::: Data extract :::

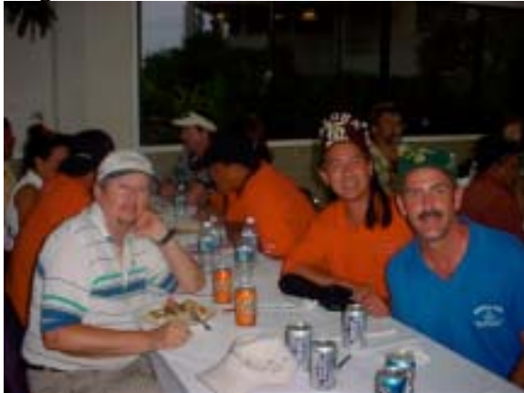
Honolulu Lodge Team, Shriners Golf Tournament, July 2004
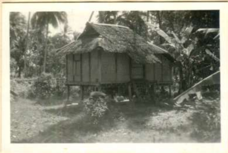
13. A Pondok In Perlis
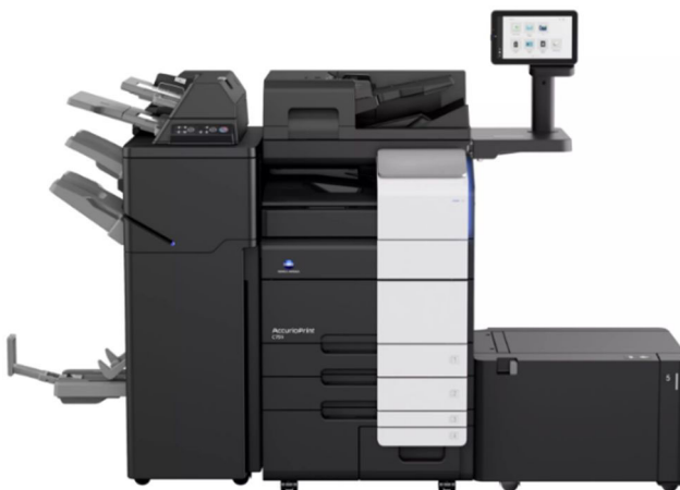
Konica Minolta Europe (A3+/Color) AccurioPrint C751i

:::

• _What you need to do_
Your answer must be an exact copy of the data above, minus its pictures.

• _Exercise response_
Honolulu Lodge Team, Shriners Golf Tournament, July 2004
13. A Pondok In Perlis
Konica Minolta Europe (A3+/Color) AccurioPrint C751i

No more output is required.